After 51 years of directing plays, 24 of those spent as the Everett High School drama instructor, Henry is retiring.

The proverbial curtain is dropping on a theatrical career that included bit parts in major films and 19 years as a commercial actor doing television ads, voice overs and modeling.

Then, yes, landing that one shot at fame: the lead in a TV series that got dropped after the first episode.

Now, at 85, what does Henry take away from such a stellar career?

“Riches, I guess.

“That would be the best word for it,” Henry said as he sat reflecting in his Everett home. “What a great life to be able to have.”

With the riches, however, came one haunting regret: He left the kids too soon.

Henry met his wife, June Condit, when both were 15 at Lewis and Clark High School in Spokane. They married in 1945 and he studied English literature at the University of Washington. The couple bought a small houseboat and rowed across Portage Bay to class.

After graduation, Henry taught English in Montana and in Blaine. He was hired to teach English at Everett High School in 1955 and, in 1957, replaced the outgoing drama teacher.

When Henry started, there was one drama class. In four years, there were five. The popularity of the program grew in part, Henry said, because of the shows they did.

Henry’s first production was “The Curious Savage,” performed at the Civic Auditorium.

During the production of “Time Out for Ginger,” one of the Bortner twins, Tim or Jim, said to Mr. Henry: “Why don’t we bring the audience right up on stage with us” during the performance?

Henry adopted that stroke of genius, and for the next eight years, the audience sat in risers on the stage during Henry’s plays.

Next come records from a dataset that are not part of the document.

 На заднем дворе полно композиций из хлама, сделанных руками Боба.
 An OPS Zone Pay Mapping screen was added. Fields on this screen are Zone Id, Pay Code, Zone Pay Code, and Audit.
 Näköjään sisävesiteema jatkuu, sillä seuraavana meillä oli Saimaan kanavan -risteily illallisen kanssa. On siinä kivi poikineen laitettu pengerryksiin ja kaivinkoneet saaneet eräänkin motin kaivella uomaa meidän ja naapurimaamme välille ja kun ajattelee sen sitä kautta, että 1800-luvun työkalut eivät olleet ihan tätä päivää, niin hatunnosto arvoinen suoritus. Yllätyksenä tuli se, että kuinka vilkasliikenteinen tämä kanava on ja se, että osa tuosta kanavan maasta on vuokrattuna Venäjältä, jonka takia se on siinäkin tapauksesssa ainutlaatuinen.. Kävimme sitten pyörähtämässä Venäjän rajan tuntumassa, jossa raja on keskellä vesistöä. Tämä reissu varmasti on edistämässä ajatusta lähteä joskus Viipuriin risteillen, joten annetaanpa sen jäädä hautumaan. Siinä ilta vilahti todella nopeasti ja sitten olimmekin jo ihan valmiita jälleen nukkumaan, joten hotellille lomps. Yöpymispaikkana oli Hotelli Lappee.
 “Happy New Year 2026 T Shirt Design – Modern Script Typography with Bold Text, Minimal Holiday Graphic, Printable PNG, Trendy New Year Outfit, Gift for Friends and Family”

The students performed two shows a year, selecting classics such as “The Miracle Worker,” “You Can’t Take It With You,” “Harvey” and “The Teahouse of the August Moon.”

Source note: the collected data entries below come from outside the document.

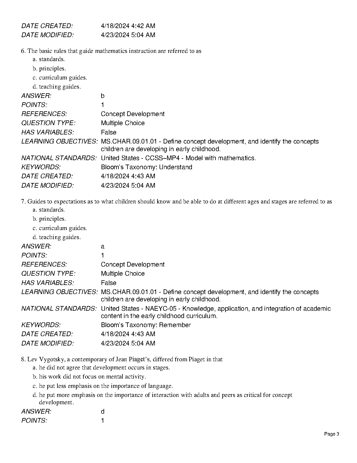 Test Bank for Math and Science for Young Children, 9th Edition by Rosalind Charlesworth, Karen K. Lind & Heather A. Kile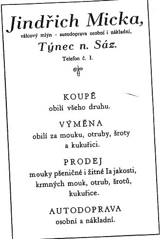 pol. 30. let Jindřich Micka přišel o majetek v důsledku neúspěšných burzovních spekulací, mlýn i dům U Micků přišly do dražby.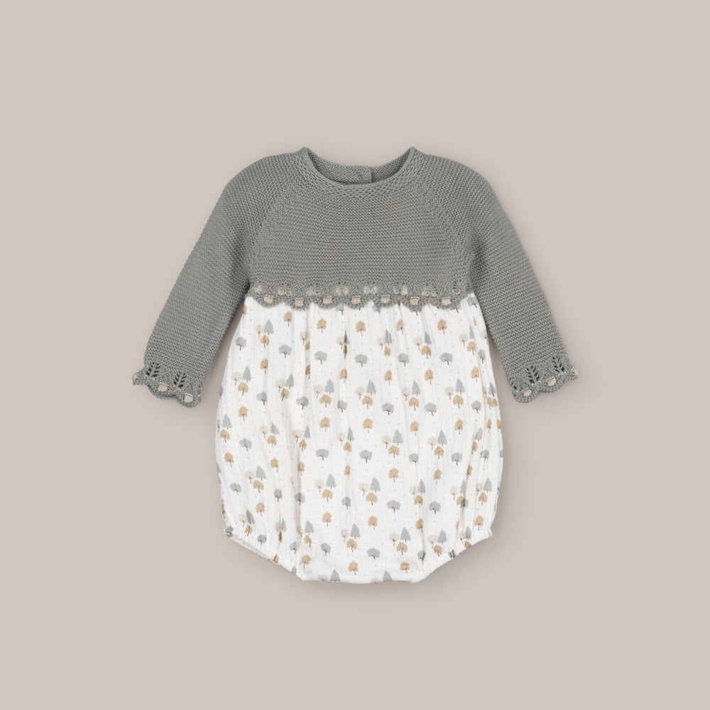 Este pelele de bebé combina la belleza de su tela con detalles cuidadosamente seleccionados, ofreciendo una opción práctica y encantadora para vestir al bebé con estilo y confort.
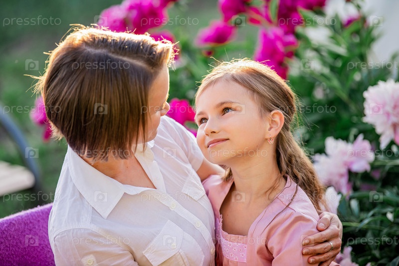 Прикладные семейные отношения. Мама и дочь сидят на скамейке и болтают в саду среди цветов солнечным летним вечером
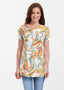 A stunning hand painted brushed floral print in yellow, orange, red, teal and blue designed by Susan Werner.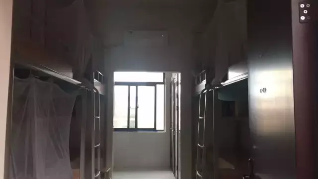 寝室环境不错,8人间,含独立卫生间,卫生间里面有两个淋浴、两个面盆和两个蹲位,房间有独立空调,每个人有直立衣柜专用。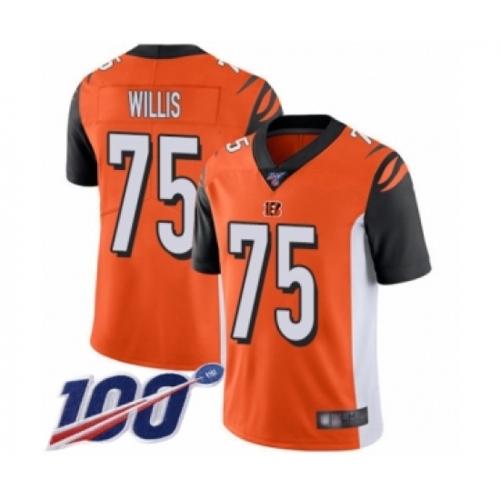 Men's Cincinnati Bengals #75 Jordan Willis Orange Alternate Vapor Untouchable Limited Player 100th Season Football Jersey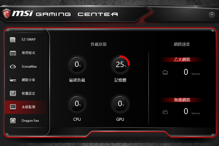 ▲另外在Gaming Center中也提供「系統監測」功能,能對磁碟、GPU和CPU負載、記憶體使用等狀況以圖形化顯示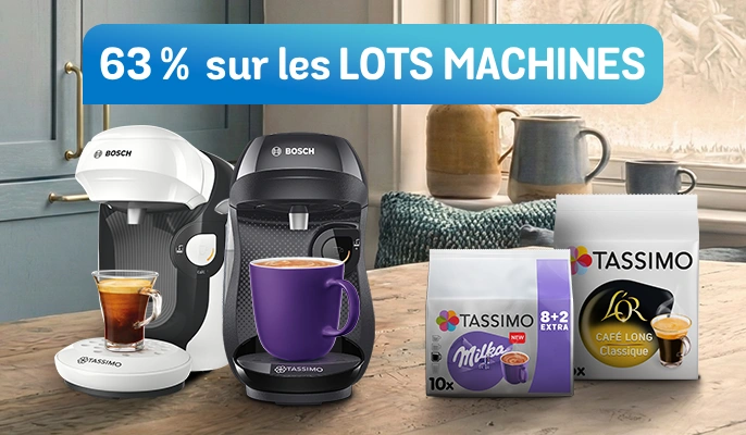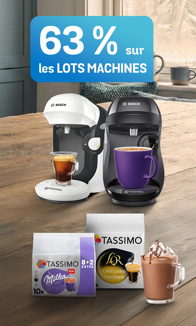 Retrouvez ici toutes les promotions TASSIMO en cours : réductions sur les machines à café à dosettes, offres spéciales sur les dosettes de café, et packs combinés machines + boissons. Grâce aux TASSIMO promo, profitez de vos boissons préférées à prix mini, et parfois même de TASSIMO gratuite selon les offres. Ne payez plus jamais le prix fort !

“Bob’s kids” gained a reputation for putting on top-drawer productions. Dorothy Baker, a school district administrator in the facilities department, was an East Coast transplant raised on Broadway shows. She championed the drama students, extolling their talents in the district newsletter and occasionally asking: “Isn’t it time this man had his own theater?”

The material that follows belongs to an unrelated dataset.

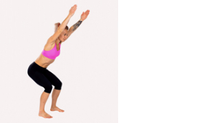 5)Bacaklarınızı kalça genişliğinde açarak dengenizi sağlamak için kollarınızı öne doğru kaldırın. Başınız dik ve sırtınız dümdüz olması önemli. Sırtınızın pozisyonu değişmeden bacaklarınız yere paralel olacak şekilde yere çömelmeli ve eski pozisyonunuza dönmelisiniz. Önemli olan çömeldiğinizde dizlerinizin ayak ucu hizasını geçmemesi ve ağırlı topuklara vermeniz. Zor bir hareket olduğu için 10 tekrarla başlayıp zamanla arttırabilirsiniz.

Henry took a sabbatical to earn his master’s in drama. When he returned in 1966, Baker had bought the Lutheran Church at 2331 Hoyt Ave., for $75,000. Another $100,000 was invested for a stage and Everett High School’s Little Theater was born, Henry recalled.

“That was a dream come true,” he said.

All totaled, Henry directed 39 full-length shows at the high school, and for 15 years his students participated in statewide one-act competitions, earning state awards, Henry said.

“The kids loved it,” he said. “We were kids together.”

Some of those kids never forgot.

In one of the many letters Henry saved, former student Maggie Rowley wrote that getting the part of Wilhelmina in “Dracula” was angst-ridden.

“You made a comment during rehearsal one night. I was struggling with my lines. You said, ‘Don’t make me regret my decision.’

“I did not want to disappoint someone who believed in me. So I started believing in myself … to me, it was life-changing.”

In 1979, Henry walked away from those kids at the age of 55.

In a voice tinged with regret, Henry recalled that he was no longer able to do the big shows. He justified his early retirement with the allure of stardom. He shunned any ceremonial goodbyes.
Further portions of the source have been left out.